High school sports fans will notice a few changes this fall to one of the state’s most distinguished athletic conferences as the 2019-20 season begins. The Lake Conference has added two new members — Buffalo and St. Michael-Albertville — to increase membership from five schools to seven.

Original members Eden Prairie, Edina, Hopkins, Minnetonka and Wayzata have been saddled with scheduling difficulties ever since schools with smaller enrollments such as Richfield, Robbinsdale Armstrong, Robbinsdale Cooper and St. Louis Park left the conference for reasons associated with competitive balance.

According to data on the Minnesota High School League website, Wayzata (3,276 students), Minnetonka (3,198 students) and Eden Prairie (2,732 students) are the three largest high schools in the state. Edina is seventh with 2,628 students and Hopkins is 22nd with 1,856 students.

St. Michael-Albertville ranks 17th overall and will be the fifth-largest school in the conference, ahead of Hopkins, with an enrollment of 1,989. Buffalo will start its tenure as the smallest school in the conference and 27th largest in the state with 1,720 students.

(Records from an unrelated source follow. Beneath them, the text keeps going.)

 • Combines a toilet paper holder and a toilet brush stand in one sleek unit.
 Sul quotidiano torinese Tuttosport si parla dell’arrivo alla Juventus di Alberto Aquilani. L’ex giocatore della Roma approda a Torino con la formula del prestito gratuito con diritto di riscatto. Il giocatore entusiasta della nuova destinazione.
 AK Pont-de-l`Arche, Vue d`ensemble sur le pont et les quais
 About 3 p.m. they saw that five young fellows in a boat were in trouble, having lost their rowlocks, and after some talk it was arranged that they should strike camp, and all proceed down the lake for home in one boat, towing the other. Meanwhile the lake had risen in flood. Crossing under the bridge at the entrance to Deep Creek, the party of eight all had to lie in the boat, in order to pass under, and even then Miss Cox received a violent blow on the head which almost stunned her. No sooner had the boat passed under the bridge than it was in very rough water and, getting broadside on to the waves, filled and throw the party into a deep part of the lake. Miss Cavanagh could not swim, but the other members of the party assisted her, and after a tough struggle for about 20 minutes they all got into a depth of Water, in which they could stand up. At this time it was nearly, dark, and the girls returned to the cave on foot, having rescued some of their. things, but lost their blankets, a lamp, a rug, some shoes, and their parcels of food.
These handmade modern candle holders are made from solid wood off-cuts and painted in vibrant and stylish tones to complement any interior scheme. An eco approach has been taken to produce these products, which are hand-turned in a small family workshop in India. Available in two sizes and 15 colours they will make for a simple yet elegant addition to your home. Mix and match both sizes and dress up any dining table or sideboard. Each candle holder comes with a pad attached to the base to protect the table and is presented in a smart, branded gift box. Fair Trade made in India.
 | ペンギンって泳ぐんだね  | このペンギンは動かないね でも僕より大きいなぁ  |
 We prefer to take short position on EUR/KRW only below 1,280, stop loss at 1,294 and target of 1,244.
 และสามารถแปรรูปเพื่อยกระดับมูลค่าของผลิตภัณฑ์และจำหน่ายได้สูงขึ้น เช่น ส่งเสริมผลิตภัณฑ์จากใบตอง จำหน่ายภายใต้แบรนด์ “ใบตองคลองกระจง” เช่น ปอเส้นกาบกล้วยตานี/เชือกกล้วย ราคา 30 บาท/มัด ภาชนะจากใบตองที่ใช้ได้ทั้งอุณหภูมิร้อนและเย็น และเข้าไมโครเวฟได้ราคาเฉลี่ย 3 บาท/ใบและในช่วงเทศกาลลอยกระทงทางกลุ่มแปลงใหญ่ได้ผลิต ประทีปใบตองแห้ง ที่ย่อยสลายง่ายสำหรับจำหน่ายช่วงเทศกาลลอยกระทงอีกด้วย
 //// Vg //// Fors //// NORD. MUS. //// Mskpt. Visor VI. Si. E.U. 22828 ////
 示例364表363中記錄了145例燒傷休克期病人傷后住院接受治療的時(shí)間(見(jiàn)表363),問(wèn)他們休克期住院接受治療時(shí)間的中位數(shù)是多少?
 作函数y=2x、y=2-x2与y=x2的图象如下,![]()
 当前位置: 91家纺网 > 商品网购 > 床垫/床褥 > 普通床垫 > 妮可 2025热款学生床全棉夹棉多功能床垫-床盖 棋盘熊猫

The addition of Buffalo and St. Michael-Albertville will lead to slightly longer commutes to and from games for both student-athletes and spectators.

In the previous conference alignment, the longest drive was 16 miles between Eden Prairie and Wayzata high schools. A trip from Eden Prairie to Buffalo is 38 miles, while a trip from Eden Prairie to St. Michael-Albertville is similar at 37 miles.

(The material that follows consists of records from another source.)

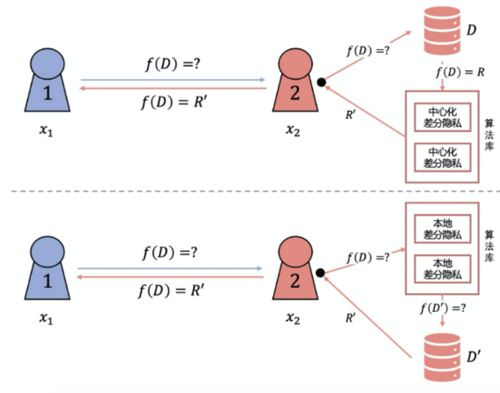 DP是一种基于对数据引入随机扰动,并从理论层面度量随机扰动所带来的隐私保护程度的隐私保护方法。根据随机扰动方式的不同,DP分为在原始数据层面进行随机扰动的本地差分隐私(Local Differential Privacy,LDP)和在计算结果层面进行随机扰动的中心差分隐私(Central Differential Privacy,CDP)。
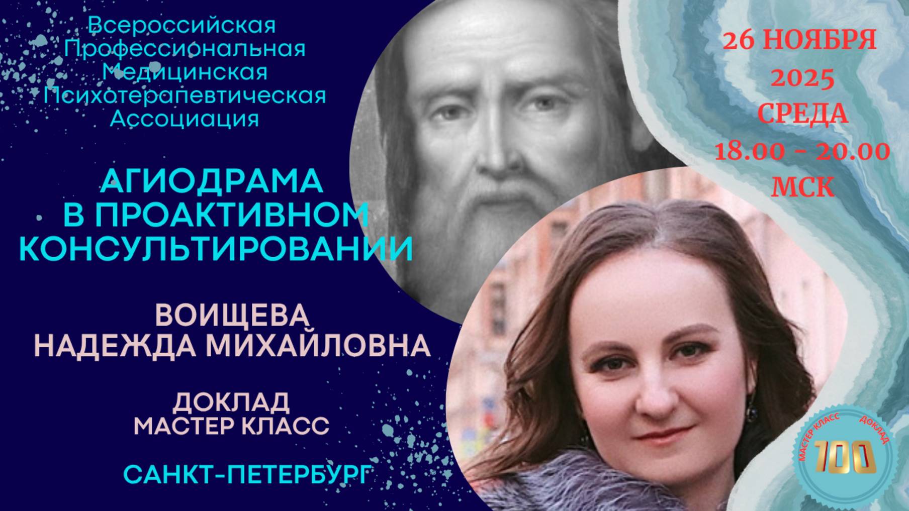 Заседание всероссийской Профессиональной Медицинской Психотерапевтической Ассоциации ПМПА). Формат проведения: гибридный - очно с онлайн трансляцией Дата проведения: 26.11.2025 г. с 18.00 до 20.00 (мск) Тема заседания: «АГИОДРАМА В ПРОАКТИВНОМ КОНСУЛЬТИРОВАНИИ» Воищева Надежда Михайловна – кандидат психологических наук; клинический психолог; глубинный межмодальный супервизор и гипервизор, обучающий личный терапевт ОППЛ, аккредитованный специалист в методе «Полимодальной психотерапии» СРО «Союз психотерапевтов и психологов»; агиодраматист; автор метода «Проактивное консультирование». 1. Тема доклада: «Особенности применение агиодрамы (психодрамы по житиям святых) в практике проактивного консультирования». 2. Мастер-класс: «Агиодрама по фрагменту жития преподобного Серафима Саровского». Присоединяйтесь к сообществу научно обоснованной психотерапии! С уважением, Секретариат Оргкомитета ПМПА: Михеева Ольга Викторовна, Чуб Роман Андреевич, Дьячкова Анна Юрьевна. Место проведения: Санкт-Петербург, ул. Достоевского, д.19/21 лит. Б, конференц-зал 3 этаж Высшая школа методологии (cт. метро Достоевская / Владимирская). Сайт: www.pmpa.ru Е-mail: pmpaspb@mail.ru
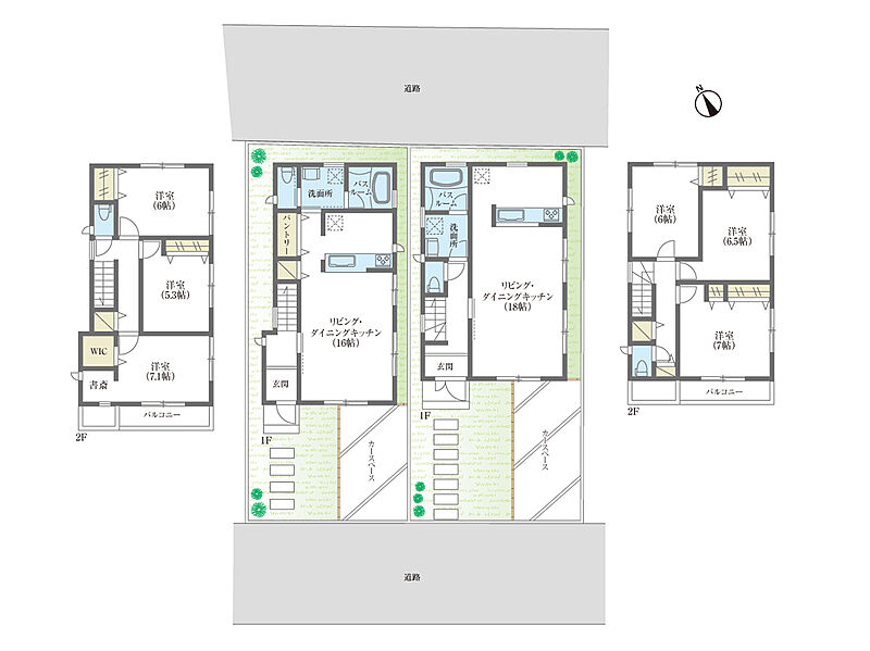 | 間取り | 各3LDK+カースペース | 建物構造 | 木造2階建 |

Still, the pros seem to outweigh the cons with the new alignment. The communities in both Buffalo and St. Michael-Albertville have invested money in recent years to upgrade their athletic facilities.

The two new schools offer a full slate of varsity athletic programs similar to the five original schools, with a few exceptions. Buffalo and St. Michael-Albertville do not field varsity programs in alpine skiing, Nordic skiing or synchronized swimming.

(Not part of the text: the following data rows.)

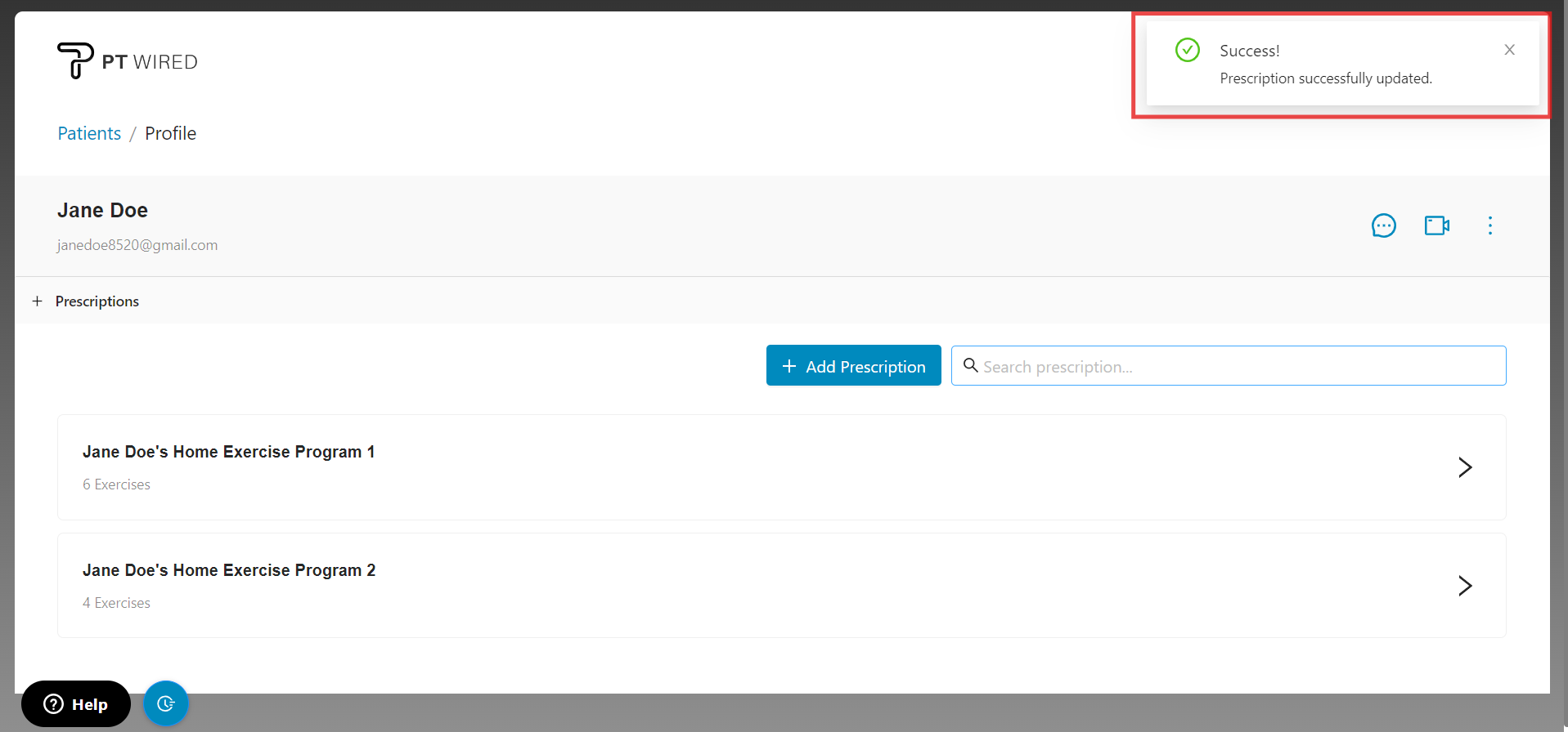 A Success! Prescription successfully updated pop-up will appear on the top right of the page once the changes to the prescription have been successfully updated.
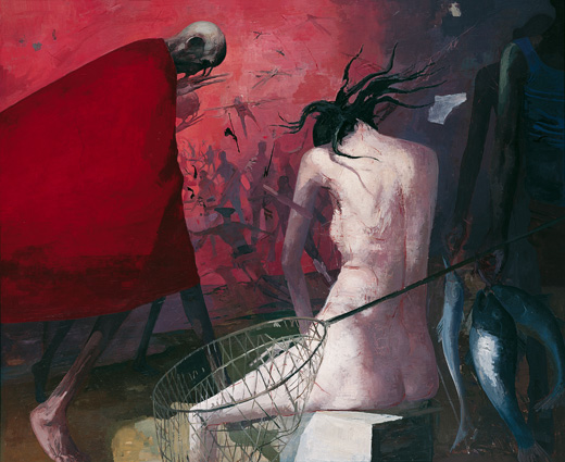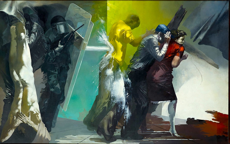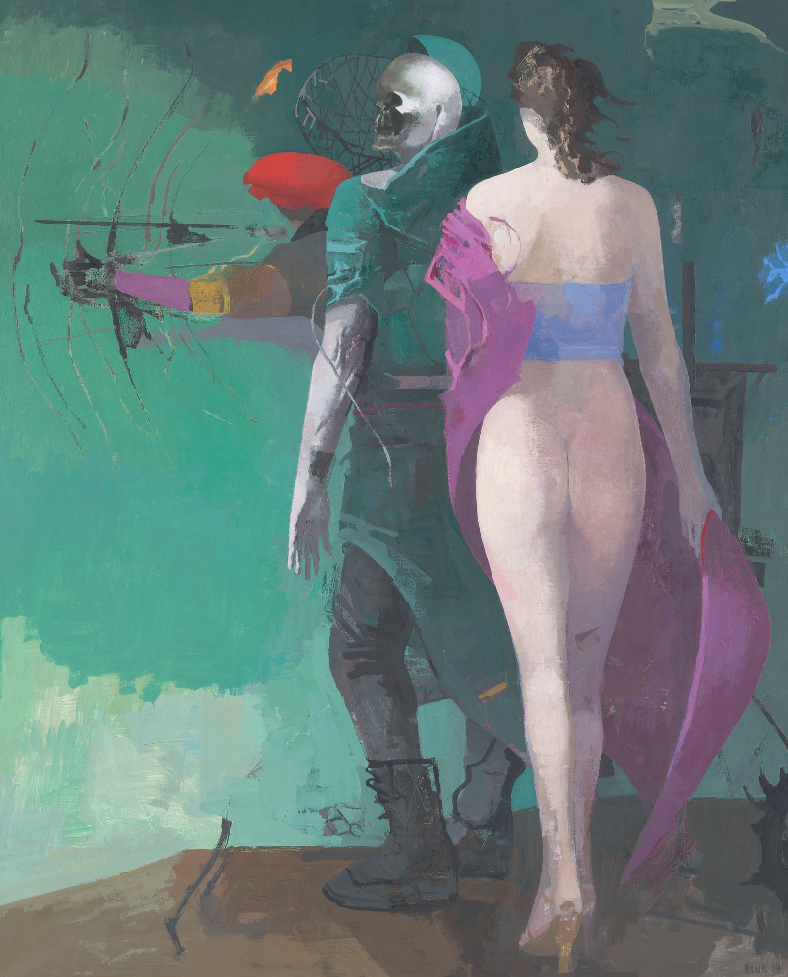 Arno Rink (Schlotheim, Alemania, 1940-2017) es uno de los artistas alemanes más destacados. Miembro de la segunda generación de la Escuela de Leipzig, su obra se mantiene fiel al realismo alemán de la misma, aunque en ocasiones puede aproximarse un poco a la abstracción. Con imágenes coloristas y un dibujo de contornos nítidos, fusiona el expresionismo alemán con el realismo socialista y tiene incluso toques surrealistas.
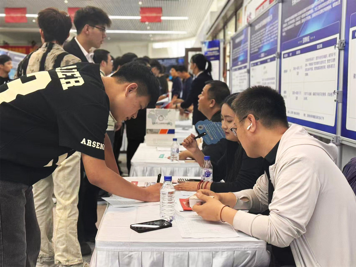 在校友企业专区,来自省内重点装备制造业领域的10家校友企业组团返校,不仅带来169个优质岗位,还为在校生传授职业发展经验,搭建起“校友反哺母校、校企深度合作”的长效机制。我校校友、长春市润威汽车销售服务有限公司负责人徐凤威表示:“母校培养的专业人才与企业需求高度契合,希望通过此次招聘吸纳更多优秀学弟学妹,共同为吉林振兴贡献力量。”
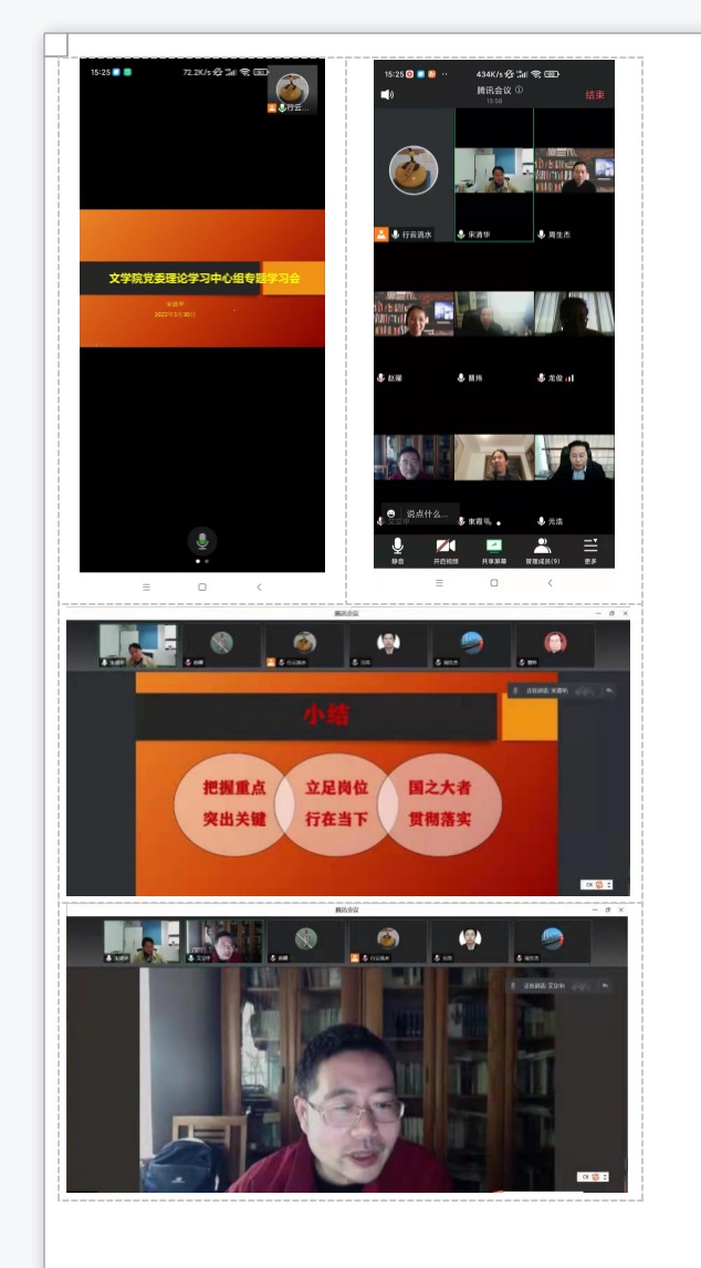 宋清华在总结发言时指出:要深入学习领会习近平总书记在全国两会期间发表的重要讲话精神,切实把思想和行动统一到大会对当前形势的分析判断和今后工作的决策部署上来;要在以习近平新时代中国特色社会主义思想指引下,深刻理解“两个确立”的决定性意义,进一步增强“四个意识”、坚定“四个自信”、做到“两个维护”;要把学习贯彻两会精神与当前疫情防控工作相结合,全面贯彻落实好学院“十四五”发展规划及“双一流”建设,以新的建设成效迎接党的二十大胜利召开。

As far as competitiveness and historical success, St. Michael-Albertville appears to have a slight edge over Buffalo.

In recent history, some of St. Michael-Albertville’s strongest programs included wrestling, football and girls basketball.

The football program has made 10 state tournament appearances since 1997, including a Class 5A state championship in 2015. The program has advanced to the quarterfinals in each of the past two seasons in the new 32-team Class 6A state tournament.

The Knights have won eight state wrestling championships, including one large-school Class 3A title in 2018. The wrestling program also boasts 39 individual state champions — the sixth most in state history.

The girls basketball program at St. Michael-Albertville has made nine state tournament appearances since 2000, including a Class 2A state title in 2001 and a Class 3A state title in 2009.

Buffalo High School won its first-ever state championship in 2007 in boys basketball. In 2009, the school’s boys track and field team won the Class 2A team title.